Diagnostics, copropriété, terrain : que sait-on vraiment du bien avant de signer ?
Un compromis se signe souvent après une visite d'une heure et une liasse de diagnostics. Ces documents sont utiles, mais chacun répond à une question précise — et l'état général du bâti n'en fait pas partie. Voici ce que couvre réellement chaque source d'information, et ce qui reste à examiner.
Ce que les diagnostics obligatoires couvrent
Le dossier remis lors d'une vente regroupe une dizaine de constats normés. Service-Public en recense notamment : la performance énergétique et, dans certains cas, l'audit énergétique ; le risque d'exposition au plomb ; l'état d'amiante ; la présence de termites ; l'état des installations de gaz et d'électricité ; l'assainissement non collectif ; l'état des risques et pollutions ; le diagnostic bruit.
Chacun porte sur un périmètre défini par la réglementation et répond à une question fermée : ce matériau est-il présent, cette installation présente-t-elle une anomalie, quelle est l'étiquette énergétique. C'est un socle d'information — pas un examen du bâtiment. Lire chaque rapport pour ce qu'il annonce — son objet, sa date, son périmètre — évite de lui prêter une portée qu'il n'a pas.
Ce qu'ils ne couvrent pas : l'état du bâti
Aucun de ces constats ne porte sur la structure, la couverture, les façades ou l'usure des ouvrages.
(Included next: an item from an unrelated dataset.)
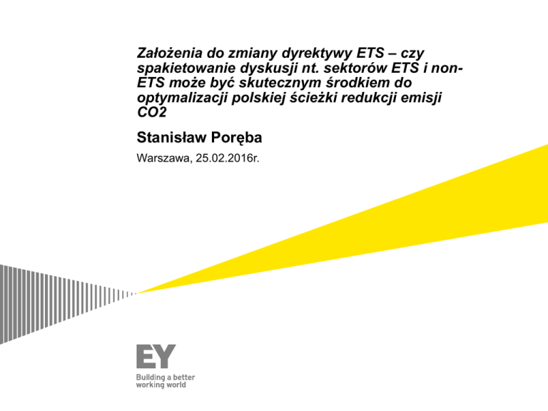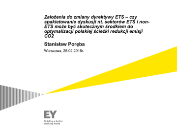 Założenia do zmiany dyrektywy ETS – czy spakietowanie dyskusji nt. sektorów ETS i nonETS może być skutecznym środkiem do optymalizacji polskiej ścieżki redukcji emisji CO2 Stanisław Poręba Warszawa, 25.02.2016r. Zakres udziału w dyskusji ► ► ► ► ► Optymalizacja redukcji emisji CO2 w sektorze wytwarzania energii elektrycznej i ciepła. Koszty redukcji emisji CO2 w sektorze wytwarzania energii elektrycznej i ciepła. Możliwość skorzystania z derogacji; wpływ na ceny energii elektrycznej, rozwój inwestycji. Projekt funkcjonowania i zarządzania Funduszem Modernizacyjnym. Czy możliwa jest wspólna dyskusja i dążenie do „spakietowania” ustaleń dla ETS i non-ETS i czy może się to przyczynić do utrzymania konkurencyjności polskiej gospodarki? Strona 2 Optymalizacja redukcji GHG w Polsce do 2030 z perspektywą 2050 Strona 3 Prognozy 2030 i perspektywa 2050 ► ► ► ► Unia Europejska zamierza zredukować emisję GHG do 2050 roku o 80% w stosunku do 1990 roku, a w sektorze energii niemal o 100%. EY na zlecenie PKEE i innych stowarzyszeń sektorowych opracował materiały związane z mechanizmami kompensacyjnymi osiągania celów polityki klimatycznej UE na 2030 rok. Prognozy zapotrzebowania i struktury wytwarzania do 2030 roku opracowano bardziej szczegółowo dla scenariuszy redukcji GHG w sektorze energetycznym na poziomie15, 20, 30, 40, 45 i 50%. Dla poszczególnych scenariuszy opracowano struktury produkcji, mocy, zakresu inwestycji i nakładów oraz kosztów energii. Na podstawie analiz rekomendowano scenariusz 30%. Strona 4 Koszty wytwarzania energii elektrycznej w 2030 roku ► Cena uprawnień do emisji CO2 równa 30 EUR/EUA [PLN/MWh] 450 386 400 350 138 300 250 42 200 150 135 100 50 70 0 Redukcja 15% 394 388 401 409 412 155 162 194 210 225 45 48 53 55 56 110 104 100 128 123 65 55 44 40 32 Redukcja 20% Redukcja 30% Redukcja 40% Redukcja 45% Redukcja 50% Koszty uprawnień do emisji CO2 [PLN/MWh] Koszty zmienne [PLN/MWh] Koszty stałe operacyjne [PLN/MWh] Koszty kapitałowe [PLN/MWh] Redukcja o 30% umożliwia uzyskanie ambitnego celu redukcji CO2 przy racjonalnym wzroście kosztów wytwarzania energii elektrycznej. Strona 5 Struktura produkcji energii elektrycznej w 2030 roku 100% 90% 80% 70% 60% 50% 40% 30% 20% 10% 0% 11% 26% 11% 11% 11% 37% 41% 45% 31% 28% 11% 11% 19% 19% 11% 13% 19% 19% 45% 40% Redukcja 15% Redukcja 20% Węgiel kamienny Węgiel brunatny 14% 18% 15% 20% 16% 15% Redukcja 40% Redukcja 45% Redukcja 50% Gaz Energia jądrowa 31% Redukcja 30% 14% OZE ► Redukcje o 15% i 20% są możliwe do zrealizowania przy różnych strukturach paliwowo-technologicznych, jednak szanse ich wynegocjowania z Komisją Europejską są niewielkie. ► Redukcja o 30% stawia ambitne zadania w zakresie zmian struktury paliwowotechnologicznej, lecz umożliwia utrzymanie ewolucyjnego charakteru przemian. ► Redukcja o 40% i więcej wymagają rewolucyjnych zmian struktury paliwowotechnologicznej. Strona 6 Struktura mocy zainstalowanej w 2030 roku [MW] 90 000 79 310 80 000 73 799 70 000 60 000 50 000 40 000 30 000 63 786 57 466 62 092 18 570 21 570 24 300 13 120 12 200 12 040 11 180 17 110 19 900 22 440 8 840 12 340 2 600 12 340 2 600 12 340 2 600 3 200 12 340 2 600 3 200 12 340 2 600 3 200 12 340 2 600 3 200 24 006 23 686 20 572 19 979 19 700 19 446 9 680 20 000 10 000 84 326 0 Redukcja 15% Redukcja 20% Redukcja 30% Elektrownie Energia jądrowa Hydro Redukcja 40% Redukcja 45% Redukcja 50% CHP OZE - Wiatr OZE - PV ► Redukcja o 30% możliwa jest do zrealizowania przy wykorzystaniu zróżnicowanej struktury mocy zainstalowanej. ► Redukcja o 40% i więcej wymaga bardzo dużego udziału OZE w strukturze mocy zainstalowanej, przy jednoczesnym utrzymaniu mocy węglowych pracujących przy bardzo niskim czasie wykorzystania. Strona 7 Nakłady inwestycyjne w poszczególnych scenariuszach redukcji emisji CO2 [mld PLN] 450 395 400 361 321 350 300 201 200 48 158 232 150 100 121 50 23 15 Redukcja 15% 0 48 48 238 250 48 164 153 22 15 Redukcja 20% 23 15 Redukcja 30% Węgiel kamienny Gaz 26 15 Redukcja 40% OZE 304 270 28 15 Redukcja 45% 28 15 Redukcja 50% Energia jądrowa ► Przy wszystkich celach redukcyjnych zdecydowana większość nakładów inwestycyjnych przeznaczona jest na nowe moce wytwórcze w technologiach OZE. ► Redukcje powyżej 30% jest bardzo trudno uzyskać bez energetyki jądrowej. Strona 8 Nakłady inwestycyjne w scenariuszu redukcji 30% [mld PLN] 48 250 200 70 4 238 10 150 52 100 50 10 5 21 2 10 6 0 WK WK Gaz Gaz OZE - OZE - OZE - OZE - PV OZE CHP CCS/CSU CHP Pozostałe Biomasa - Biomasa - Wiatr Hydro CHP Poz. OZE Mikro Energia Łącznie jądrowa ► Około połowa nakładów powinna być przeznaczona na rozwój elektrowni wiatrowych i fotowoltaicznych, część z nich może być zastąpiona technologiami biomasowymi, jeżeli Polska postawi na uprawy energetyczne. ► Rekomendowany cel redukcyjny umożliwia minimalizację kosztów wytwarzania energii elektrycznej przy zachowaniu ambitnego celu redukcyjnego. Strona 9 Analizy perspektywy 2050 Produkcja energii elektrycznej dla niskiego zapotrzebowania i scenariusza 50% [TWh] ESP Energia jądrowa OZE - Mikro OZE - Hydro OZE - PV OZE - Wiatr OZE - Biomasa - współspalanie OZE - Biomasa/Biogaz Gaz - Pozostałe Gaz - CHP WB WK - CCS/CSU WK - Kondensacja WK - CHP 200 150 100 50 0 2015 2020 2025 2030 2035 2040 2045 2050 Produkcja energii elektrycznej dla niskiego zapotrzebowania i scenariusza 80% [TWh] ESP Energia jądrowa OZE - Mikro OZE - Hydro OZE - PV kOZE - Wiatr OZE - Biomasa - współspalanie OZE - Biomasa/Biogaz Gaz - Pozostałe Gaz - CHP WB WK - CCS/CSU WK - Kondensacja WK - CHP 200 150 100 50 0 2015 Strona 10 2020 2025 2030 2035 2040 2045 2050 Możliwość skorzystania z derogacji Strona 11 Funkcjonowanie derogacji jako mechanizmu kompensacyjnego ► ► ► ► Derogacje CO2 to bezpłatne przekazanie wytwórcom energii elektrycznej części uprawnień z krajowej puli przeznaczonej do sprzedaży po

La checklist d'achat publiée par l'ANIL, elle, fait porter l'observation sur des postes concrets, à noter un par un :
enveloppe : façade, toiture, fenêtres, volets ;
parties communes : accès à l'immeuble, hall d'entrée, couloirs, ascenseur ;
annexes : cave, sous-sol ou parking, jardins et extérieurs ;
logement : porte d'entrée et état des ouvrages visibles.
Une visite ne remplace pas une investigation, mais elle permet de constituer une description factuelle : localisation précise des traces, photos datées prises au même cadrage, questions à poser au vendeur ou au syndic. Une auréole relevée dans un angle, par exemple, ne dit pas à elle seule d'où vient l'eau : l'origine se cherche, elle ne se déduit pas d'un symptôme.
En copropriété, l'immeuble se lit d'abord dans les documents
L'ANIL détaille les pièces remises à l'acquéreur : règlement de copropriété et état descriptif de division, procès-verbaux des assemblées générales des trois dernières années, fiche synthétique de la copropriété, carnet d'entretien de l'immeuble, et conclusions du diagnostic technique global lorsqu'il a été réalisé. S'y ajoutent les éléments financiers : charges du vendeur sur les deux exercices précédents, sommes éventuellement dues, état des impayés et des dettes fournisseurs, montant de la part du fonds de travaux.
Ces documents disent ce que la copropriété a déjà constaté, voté ou reporté. La checklist ANIL invite d'ailleurs à vérifier poste par poste les travaux votés ou programmés — ravalement de façade, cages d'escalier, ascenseur, chauffage collectif, canalisations, toiture — et leur montant estimé. Un désordre visible dans les parties communes prend un sens différent selon qu'il figure ou non dans ces décisions.
Le terrain et son contexte
L'état des risques recense l'exposition du bien : phénomènes naturels — inondations, séismes, mouvements de sol —, risques technologiques et miniers, radon, recul du trait de côte, pollution des sols. Géorisques est explicite sur la portée du document : il indique les risques auxquels le bien est exposé, et non l'état réel du bâtiment.
Parmi les mouvements de sol, le retrait-gonflement des argiles concerne une large part du territoire : Géorisques indique qu'environ 55 % du territoire français est classé en exposition moyenne ou forte, soit de l'ordre de 12 millions de maisons individuelles. Le mécanisme est décrit simplement : le sol argileux se rétracte lorsqu'il y a évaporation en période sèche, et gonfle en période pluvieuse, ce qui peut provoquer des tassements différentiels sous la construction.
Un zonage décrit une exposition ; il ne prouve aucun désordre sur un bien donné. Des fissures observées dans une zone exposée peuvent être compatibles avec ce mécanisme, mais l'attribution d'une cause nécessite une investigation.
Ce qu'un avis technique indépendant peut apporter
Un architecte indépendant peut visiter le bien avant la signature, décrire l'état visible des ouvrages, relever la localisation et l'étendue des désordres apparents, lire les documents de copropriété au regard de ce qu'il a observé, écarter les hypothèses que les observations ne soutiennent pas, et indiquer quelles investigations complémentaires seraient nécessaires pour trancher les points incertains. Ce document technique objective la situation au moment où la décision se prend, et permet de discuter des travaux à prévoir à partir d'une même description des faits. Il ne remplace ni les diagnostics réglementaires, ni les investigations spécialisées qu'il peut recommander, ni un conseil juridique sur les suites de la vente.